Question

Gam format specification

0

Entering edit mode

3 days ago

guntul ▴ 40

Hi everyone, I am dealing with gam file format and trying to understand its structure. I convert my gam files to JSON using vg. I don't exactly understand how the fields work. In vg file format page, the only source I could find, does not give information about the fields. I want to extract the read sequence, alignment position in the reference, cigar string, or equivalent matching details. Which fields are mandatory so I can rely on that name in the code segment?
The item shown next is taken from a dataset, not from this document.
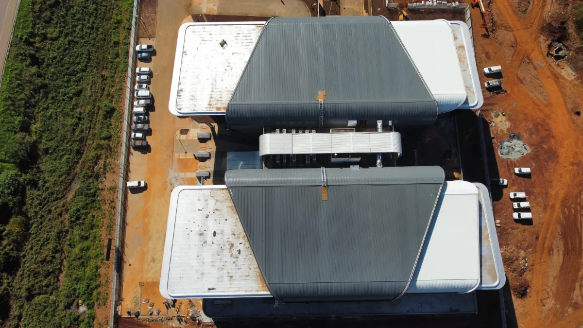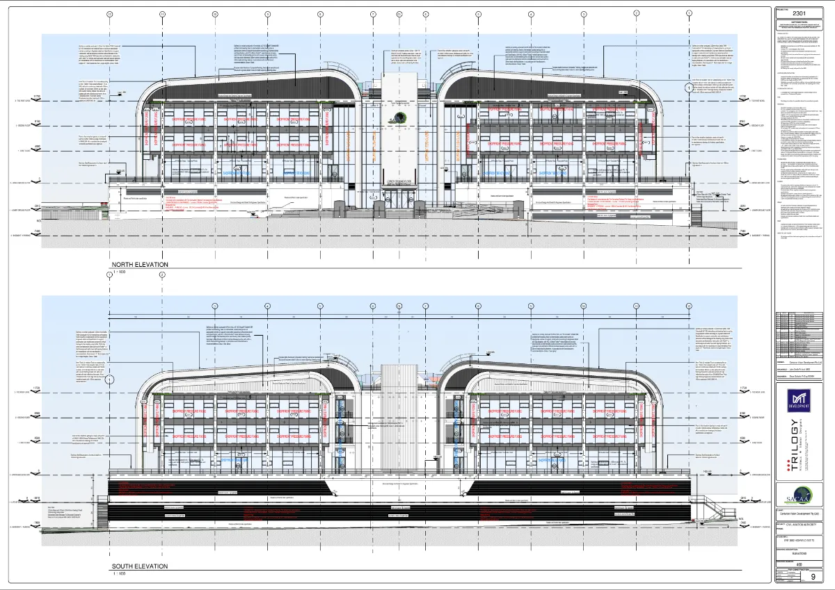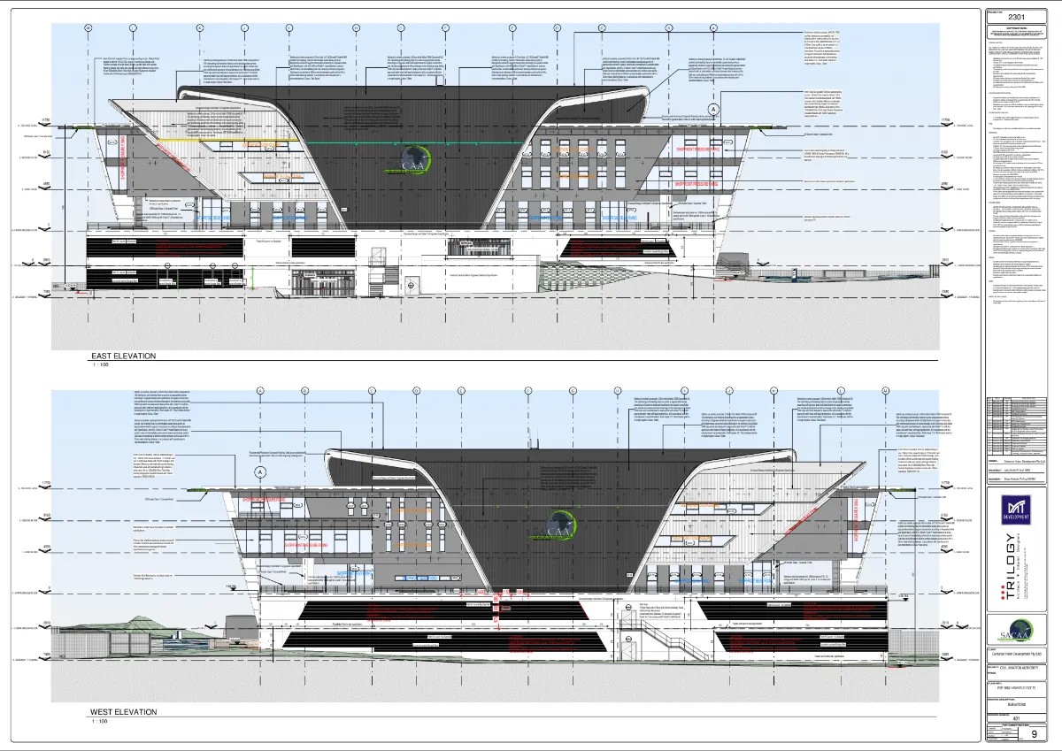 This creates a complex geometry for the structure that required the development of a 3D space frame consisting of CFLC Purlins, Trusses and Girder Trusses, Beam Sections and Tubular Sections acting as bracing or tension stays.
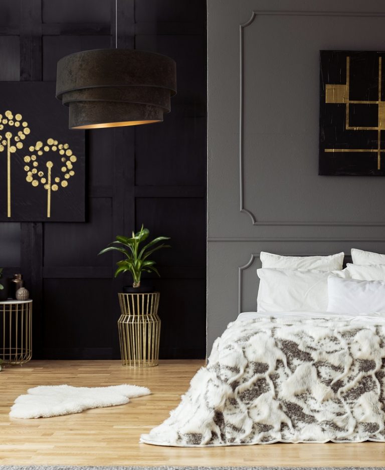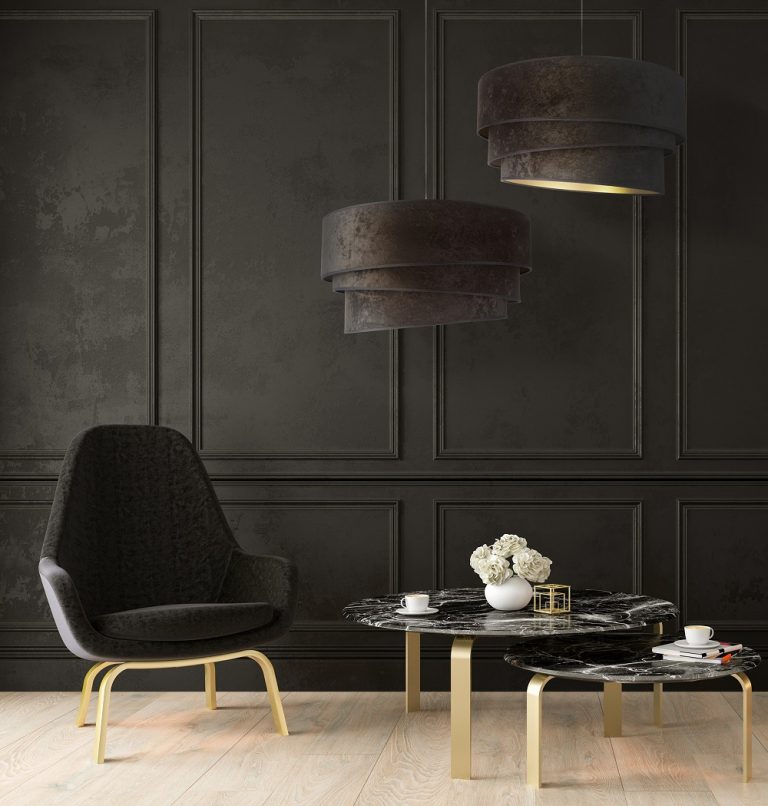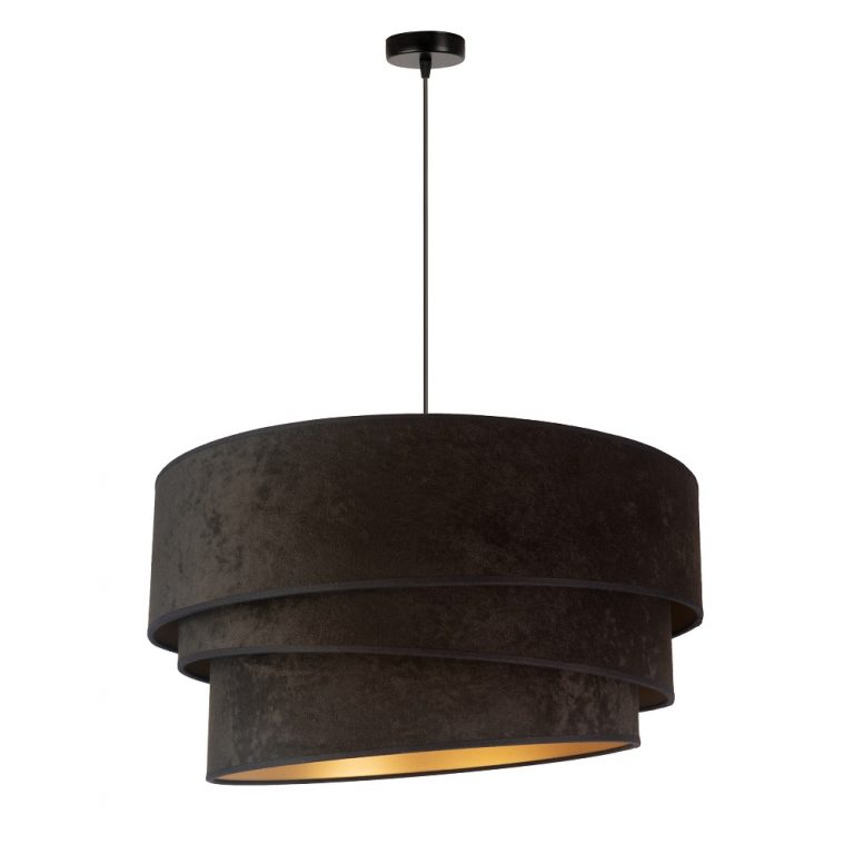 Czerń i złoto — to dwa kolory od zawsze kojarzone z klasą i elegancją. To właśnie one zdobią abażur lampy wiszącej Devon. On sam wykonany został z najwyższej jakości zamszu i złotej folii. O ile kolor czarny nadaje abażurowi wyjątkowy charakter, to złoto znacznie podnosi jego prestiż. Lampa wisząca Devon dzięki swojemu wyjątkowemu abażurowi wniesie do Twojego wnętrza powiew świeżości.

Two of the examples from my files are

{"fragment": [{"length": "-567", "name": "chr22"}], "fragment_length_distribution": "1927:443.135:148.44:0:1", "fragment_prev": {"name": "ERR903030.252281075 "}, "fragment_score": 51.0, "identity": 0.98412698412698407, "mapping_quality": 60, "name": "ERR903030.252281075 ", "path": {"mapping": [{"edit": [{"from_length": 17, "to_length": 17}], "position": {"node_id": "89533395", "offset": "15"}, "rank": "1"}, {"edit": [{"from_length": 32, "to_length": 32}], "position": {"node_id": "89533396"}, "rank": "2"}, {"edit": [{"from_length": 25, "to_length": 25}, {"from_length": 1, "sequence": "C", "to_length": 1}, {"from_length": 6, "to_length": 6}], "position": {"node_id": "89533397"}, "rank": "3"}, {"edit": [{"from_length": 32, "to_length": 32}], "position": {"node_id": "89533398"}, "rank": "4"}, {"edit": [{"from_length": 12, "to_length": 12}, {"from_length": 1, "sequence": "C", "to_length": 1}], "position": {"node_id": "89533399"}, "rank": "5"}]}, "quality": "HiAfISIiEB8PJB8PHQ8lIR0ODg4bJB8PDg8YJCYYIiYgHQ4bDg4OGw4ZDiIiISYmDhkZGR8PDxkiDiQPDyQPHyMOIh4YIg4OGQ4OGQ4YDg4iIiYbIiMiDw0iGiIaJiEODhkWDQ0XFR8NIiMiFSMNFQ0ZHxcODRciIgICAgIC", "refpos": [{"name": "chr22", "offset": "17119477"}], "score": 126, "sequence": "TCCCTGAGGTGGTGGCGGAGGTGGTGGAGGGGCGGAGGGCGGAGCACCGTAGCCCCCTCTGGCCCGACTCGGGGCGGCCCGATTGCCCCGGTCCCAGCAGCCCTCCAGGGCCTCCAGGCCCCGGCC", "time_used": 1221.0}

and

{"identity": 0.90000000000000002, "mapping_quality": 60, "name": "SRR24940081.1.1 M06097:87:000000000-L2HVL:1:1101:14851:1604 length=219", "path": {"mapping": [{"edit": [{"from_length": 2, "to_length": 2}, {"from_length": 1, "sequence": "C", "to_length": 1}, {"from_length": 16, "to_length": 16}, {"from_length": 1, "sequence": "A", "to_length": 1}], "position": {"name": "1452", "node_id": "1452", "offset": "9208"}}]}, "query_position": 96, "score": 2, "sequence": "TACTAATAAAATATGATGTA"}

pangenome gam vg • 192 views

ADD COMMENT • link updated 2 days ago by Jouni Sirén ▴ 470 • written 3 days ago by guntul ▴ 40

score 2 · Answer 1 · 2024-11-22

The GAM format is essentially a concatenation of protobuf messages. See the definition of Alignment. All fields are technically optional, but some are more important than the others:

name and sequence describe the read.
path and query_position describe the alignment.
score and mapping_quality are the basic estimates of the quality of the alignment.

Then:

A path is a sequence of mappings.
A mapping consists of a graph position (the starting position of the mapping), a sequence of edits, and a rank (which is redundant), and it describes the alignment between a part of the read and (a part of) a node.
Graph positions consist of a node identifier, a flag telling if we are on the reverse strand, and an offset within the node.
Each edit consists of a length in the target/reference (from_length), a length in the query/read (to_length), and possibly the corresponding part of the query sequence.
If there are no edits, the mapping is assumed to be a match from the starting position until the end of the node or the read.

Offsets are generally 0-based. And because this is protobuf, fields with empty values ("", 0, 0.0, or false) will be missing.